Proxied authorization provides a standard control as defined in RFC 4370 (and an earlier Internet-Draft) for binding with the user credentials of a proxy, who carries out LDAP operations on behalf of other users. You might use proxied authorization, for example, to have your application bind with its credentials, and then carry out operations as the users who login to the application.
Suppose you have an administrative directory client application that
has an entry in the directory with DN
cn=My App,ou=Apps,dc=example,dc=com. You can give that
application the access rights and privileges to use proxied authorization.
The default access control for OpenDJ permits authenticated users to use
the proxied authorization control.
Suppose also that when directory administrator, Kirsten Vaughan, logs
in to your application to change Babs Jensen's entry, your application looks
up Kirsten's entry, and finds that she has DN
uid=kvaughan,ou=People,dc=example,dc=com. For the example
commands in the following procedure. My App uses proxied authorization to
make a change to Babs's entry as Kirsten.

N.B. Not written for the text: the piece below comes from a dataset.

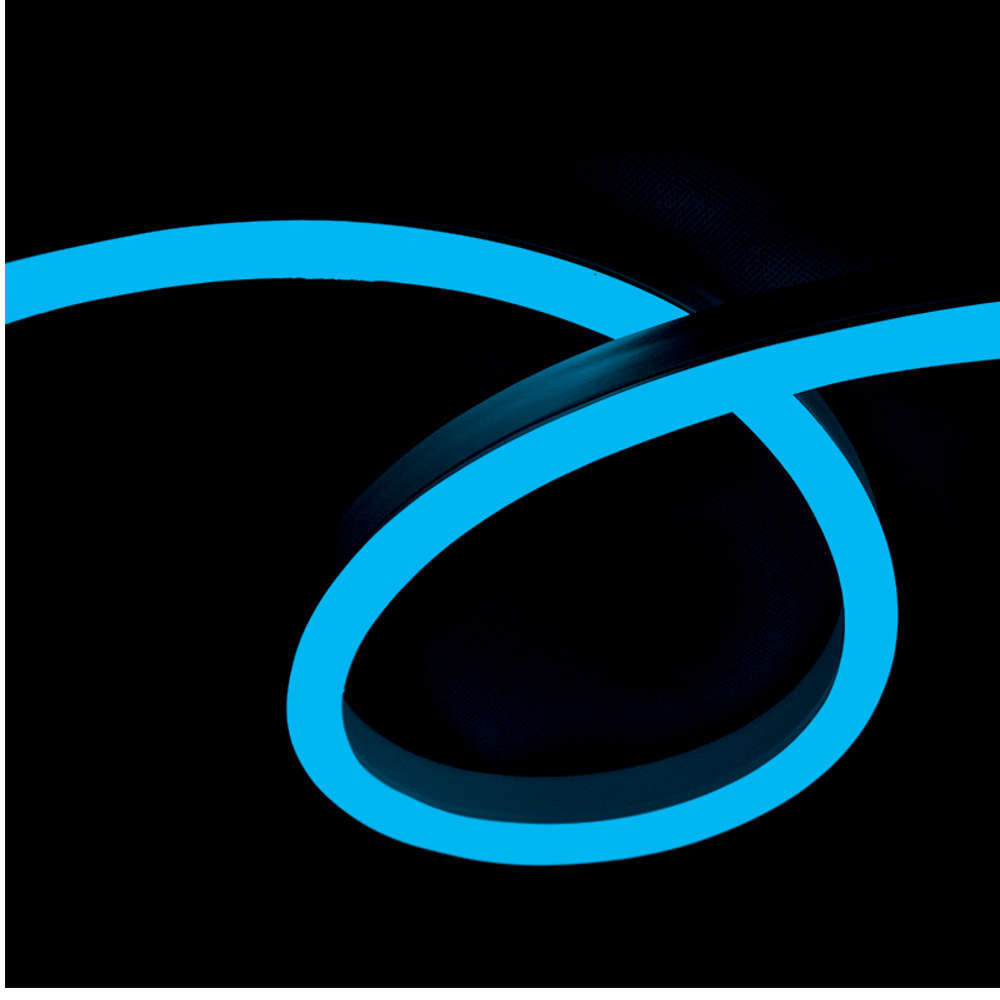 Led неон 24VDC - влагозащитен лед неон IP65 с мощност 12W на 1 линеен метър излъчващ синя светлина. Защитен от качествена силиконова обвивка 24V led неон е подходящ за изпозване на открито или закрито. Походящ за акцентно или декоративно осветяване. Предлага се в ролка от 10 метра. Рязане на 1 метър.

Procedure 6.1. To Set Up Proxied Authorization
-
Grant access to applications that can use proxied authorization.
$ ldapmodify --port 1389 --bindDN "cn=Directory Manager" --bindPassword password dn: dc=example,dc=com changetype: modify add: aci aci: (target="ldap:///dc=example,dc=com") (targetattr ="* ")(version 3.0; acl "Allow apps proxied auth"; allow(all, proxy )(userdn = "ldap:///cn=*,ou=Apps,dc=example,dc=com");) Processing MODIFY request for dc=example,dc=com MODIFY operation successful for DN dc=example,dc=com
-
Grant the privilege to use proxied authorization to My App.

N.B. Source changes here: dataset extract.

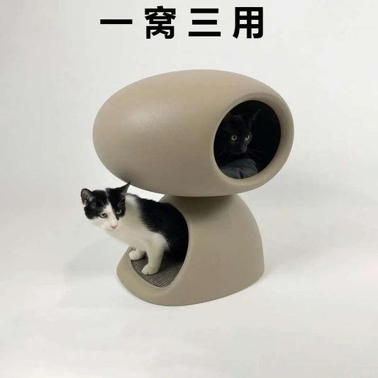 Luxury Design Double-layer Cat House, All-season Cat Bed with Warmth, Integrated Scratching Board, Closed Safety House

$ ldapmodify --port 1389 --bindDN "cn=Directory Manager" --bindPassword password dn: cn=My App,ou=Apps,dc=example,dc=com changetype: modify add: ds-privilege-name ds-privilege-name: proxied-auth Processing MODIFY request for cn=My App,ou=Apps,dc=example,dc=com MODIFY operation successful for DN cn=My App,ou=Apps,dc=example,dc=com
-
Test that My App can use proxied authorization.

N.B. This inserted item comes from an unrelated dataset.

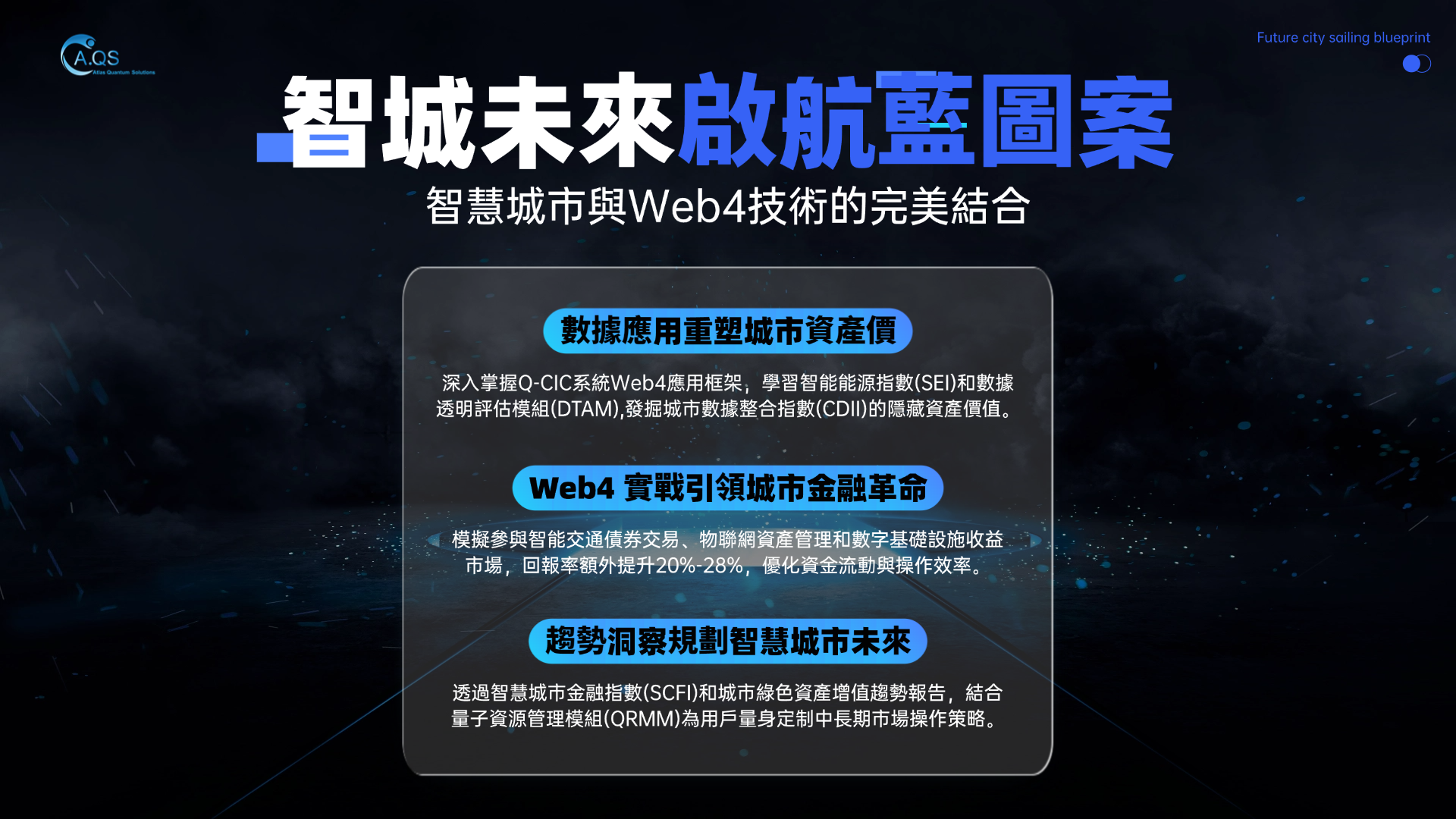 結語:探索未來的智慧經濟隨著「智城未來藍圖案」的開啟,A.QS 再次展現了其在全球技術領域的領導力,並為市場參與者提供了一個前所未有的創新機會。未來,Web4 技術的商業化應用將持續推動智慧經濟的全球化進程。

$ ldapmodify --port 1389 --bindDN "cn=My App,ou=Apps,dc=example,dc=com" --bindPassword password --proxyAs "dn:uid=kvaughan,ou=People,dc=example,dc=com" dn: uid=bjensen,ou=People,dc=example,dc=com changetype: modify replace: description description: Changed through proxied auth Processing MODIFY request for uid=bjensen,ou=People,dc=example,dc=com MODIFY operation successful for DN uid=bjensen,ou=People,dc=example,dc=com
If you need to map authorization identifiers using the
u: form rather than using dn:, you can
set the identity mapper with the global configuration setting,
proxied-authorization-identity-mapper. For example, if you
get user ID values from the client, such as bjensen, you
can use the Exact Match Identity Mapper to match those to DNs based on an
attribute of the entry. Use the dsconfig command
interactively to investigate the settings you need.